TASK DATA —
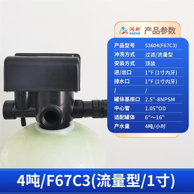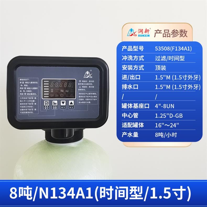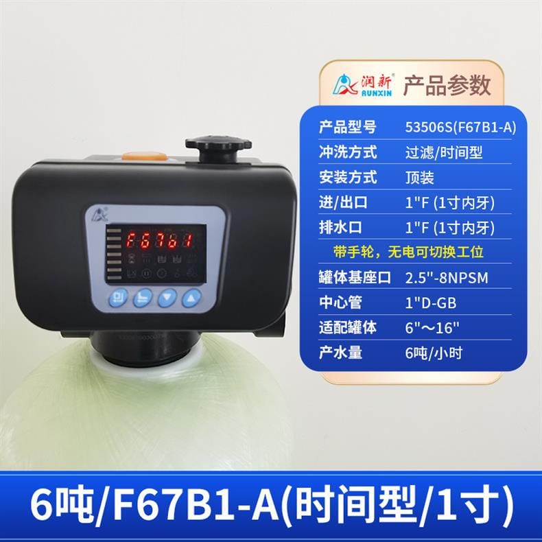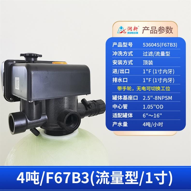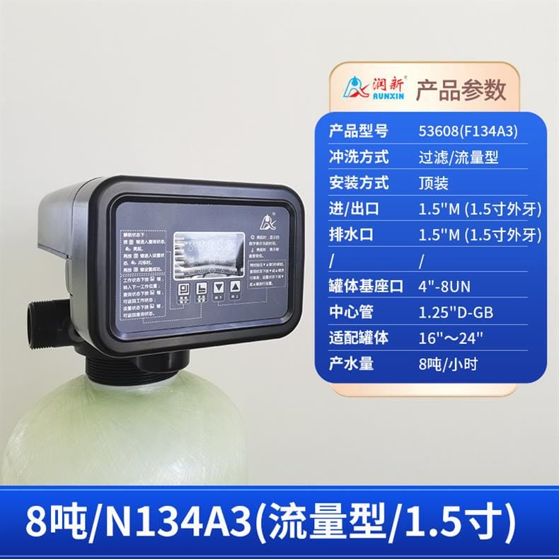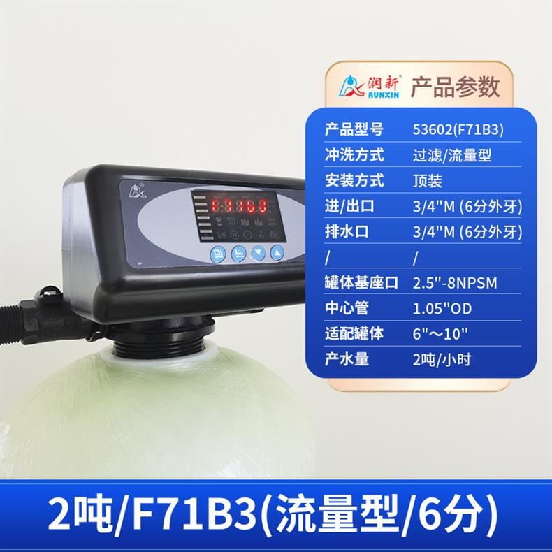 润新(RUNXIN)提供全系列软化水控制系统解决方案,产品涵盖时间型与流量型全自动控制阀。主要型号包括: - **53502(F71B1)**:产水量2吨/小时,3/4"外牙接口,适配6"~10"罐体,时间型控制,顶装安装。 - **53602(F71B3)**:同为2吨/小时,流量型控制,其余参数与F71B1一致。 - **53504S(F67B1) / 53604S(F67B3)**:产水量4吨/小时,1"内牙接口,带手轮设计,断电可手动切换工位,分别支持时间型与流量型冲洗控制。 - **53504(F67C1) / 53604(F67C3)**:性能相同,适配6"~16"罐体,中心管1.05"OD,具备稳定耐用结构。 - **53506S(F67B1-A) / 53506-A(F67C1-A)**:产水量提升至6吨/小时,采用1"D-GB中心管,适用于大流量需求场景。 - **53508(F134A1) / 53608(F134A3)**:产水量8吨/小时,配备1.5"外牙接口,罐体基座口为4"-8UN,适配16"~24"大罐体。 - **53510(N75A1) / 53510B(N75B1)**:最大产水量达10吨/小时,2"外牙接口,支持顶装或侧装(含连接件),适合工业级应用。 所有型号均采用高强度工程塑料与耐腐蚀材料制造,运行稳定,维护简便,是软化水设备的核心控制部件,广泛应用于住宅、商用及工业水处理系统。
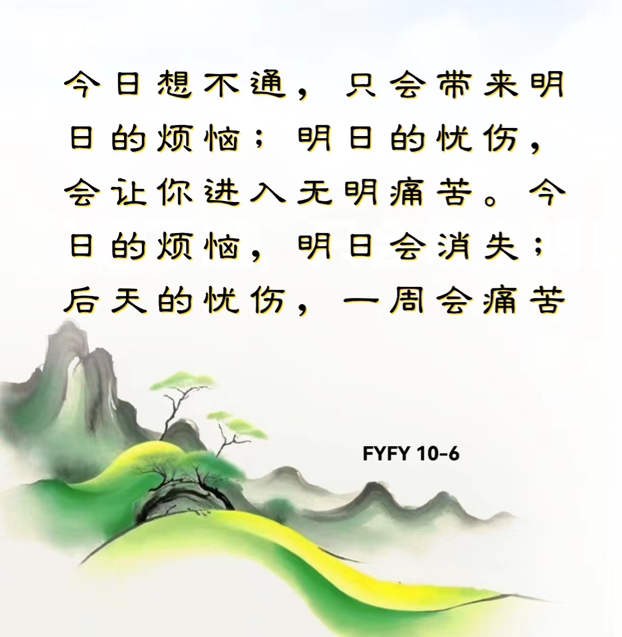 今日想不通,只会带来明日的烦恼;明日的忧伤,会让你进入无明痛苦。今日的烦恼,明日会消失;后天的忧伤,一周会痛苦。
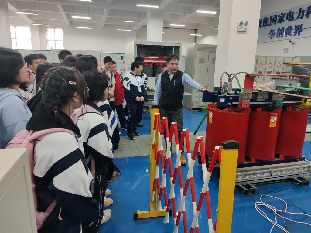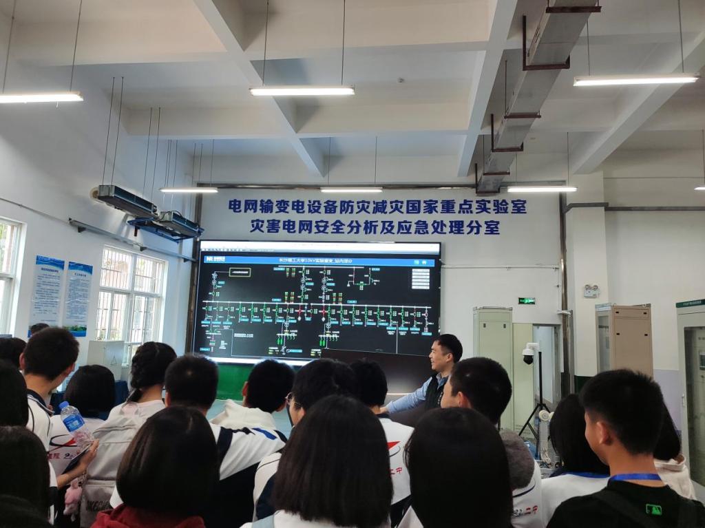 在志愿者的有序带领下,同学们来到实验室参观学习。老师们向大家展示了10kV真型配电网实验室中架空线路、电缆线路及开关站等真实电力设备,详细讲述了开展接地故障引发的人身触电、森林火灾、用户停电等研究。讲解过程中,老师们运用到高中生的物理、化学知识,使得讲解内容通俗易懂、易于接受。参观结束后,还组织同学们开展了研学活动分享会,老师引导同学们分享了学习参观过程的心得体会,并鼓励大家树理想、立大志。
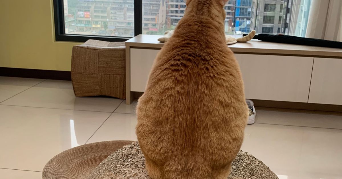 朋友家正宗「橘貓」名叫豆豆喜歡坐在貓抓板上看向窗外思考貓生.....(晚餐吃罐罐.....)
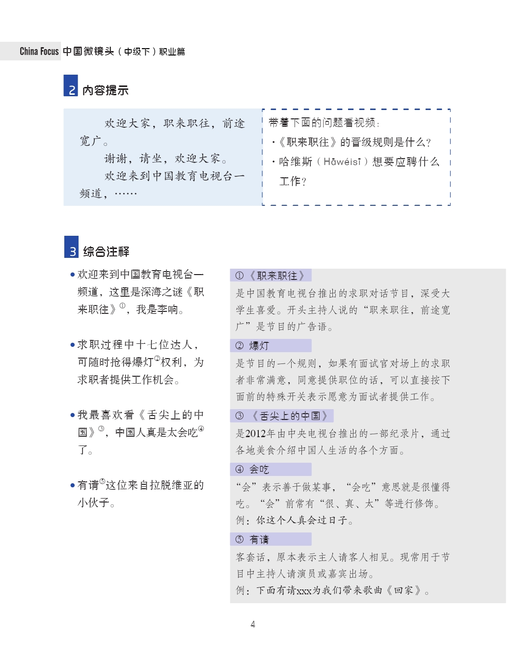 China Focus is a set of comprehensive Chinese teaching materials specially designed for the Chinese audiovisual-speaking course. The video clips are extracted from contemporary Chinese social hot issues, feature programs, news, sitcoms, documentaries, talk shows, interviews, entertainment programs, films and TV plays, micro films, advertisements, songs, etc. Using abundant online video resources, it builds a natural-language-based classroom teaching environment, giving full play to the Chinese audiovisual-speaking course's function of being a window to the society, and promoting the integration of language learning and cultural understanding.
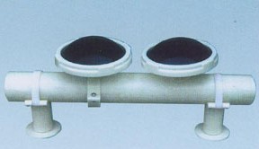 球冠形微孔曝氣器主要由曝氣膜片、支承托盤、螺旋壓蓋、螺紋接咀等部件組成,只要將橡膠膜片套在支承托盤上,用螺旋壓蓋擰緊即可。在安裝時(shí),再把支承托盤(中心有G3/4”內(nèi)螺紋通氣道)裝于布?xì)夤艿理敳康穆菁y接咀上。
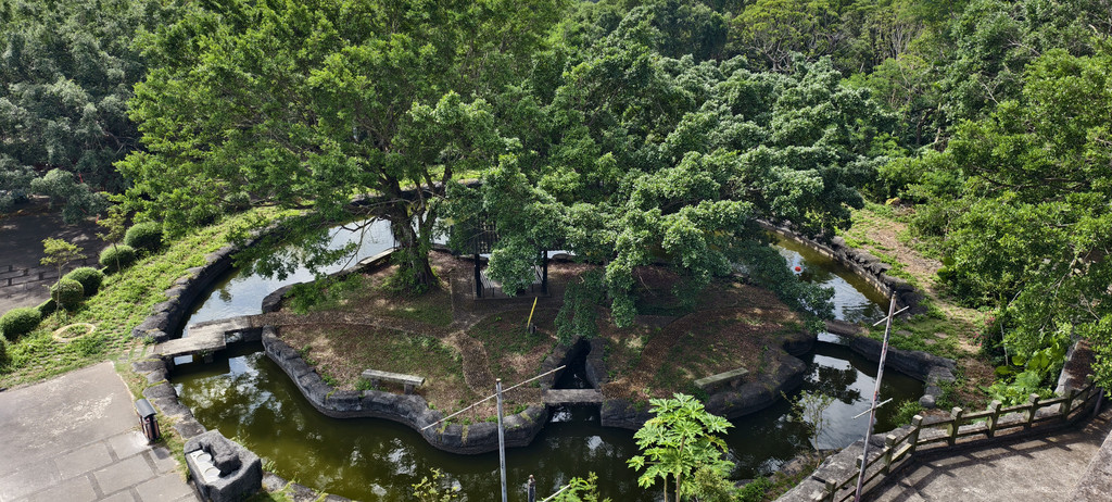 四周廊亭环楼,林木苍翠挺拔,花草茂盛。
--
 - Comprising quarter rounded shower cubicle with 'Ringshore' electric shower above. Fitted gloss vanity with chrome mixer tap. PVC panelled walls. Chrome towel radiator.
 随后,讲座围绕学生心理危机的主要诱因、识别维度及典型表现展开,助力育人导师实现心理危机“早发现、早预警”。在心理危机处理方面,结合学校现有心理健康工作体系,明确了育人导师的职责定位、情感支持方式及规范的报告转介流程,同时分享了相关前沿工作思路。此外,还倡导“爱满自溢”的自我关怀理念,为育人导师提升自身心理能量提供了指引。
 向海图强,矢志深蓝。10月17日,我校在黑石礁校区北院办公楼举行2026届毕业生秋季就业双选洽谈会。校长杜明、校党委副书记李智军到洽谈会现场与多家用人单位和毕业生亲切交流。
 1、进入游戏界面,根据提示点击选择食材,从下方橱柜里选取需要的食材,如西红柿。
--
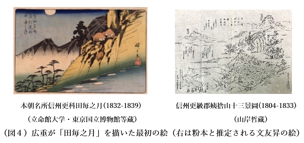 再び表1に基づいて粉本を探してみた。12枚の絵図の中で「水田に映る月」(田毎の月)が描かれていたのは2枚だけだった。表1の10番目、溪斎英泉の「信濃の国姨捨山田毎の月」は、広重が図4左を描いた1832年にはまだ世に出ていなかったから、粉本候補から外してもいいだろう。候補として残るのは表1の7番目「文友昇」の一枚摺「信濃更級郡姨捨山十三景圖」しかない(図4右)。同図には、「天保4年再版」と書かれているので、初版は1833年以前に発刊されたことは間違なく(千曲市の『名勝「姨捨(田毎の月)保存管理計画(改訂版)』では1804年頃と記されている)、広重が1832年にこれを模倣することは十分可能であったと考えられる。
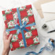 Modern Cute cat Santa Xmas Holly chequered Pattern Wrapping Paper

ASSIGNMENT — Would you quote everything above from the line containing "随后,讲座围绕学生心理危机的" down to the line containing "1、进入游戏界面,根据提示点击选择食材,从下方橱柜里选取需要的食材,如西红柿。"? Include both of those lines and nothing else.

ANSWER SECTION —
 随后,讲座围绕学生心理危机的主要诱因、识别维度及典型表现展开,助力育人导师实现心理危机“早发现、早预警”。在心理危机处理方面,结合学校现有心理健康工作体系,明确了育人导师的职责定位、情感支持方式及规范的报告转介流程,同时分享了相关前沿工作思路。此外,还倡导“爱满自溢”的自我关怀理念,为育人导师提升自身心理能量提供了指引。
 向海图强,矢志深蓝。10月17日,我校在黑石礁校区北院办公楼举行2026届毕业生秋季就业双选洽谈会。校长杜明、校党委副书记李智军到洽谈会现场与多家用人单位和毕业生亲切交流。
 1、进入游戏界面,根据提示点击选择食材,从下方橱柜里选取需要的食材,如西红柿。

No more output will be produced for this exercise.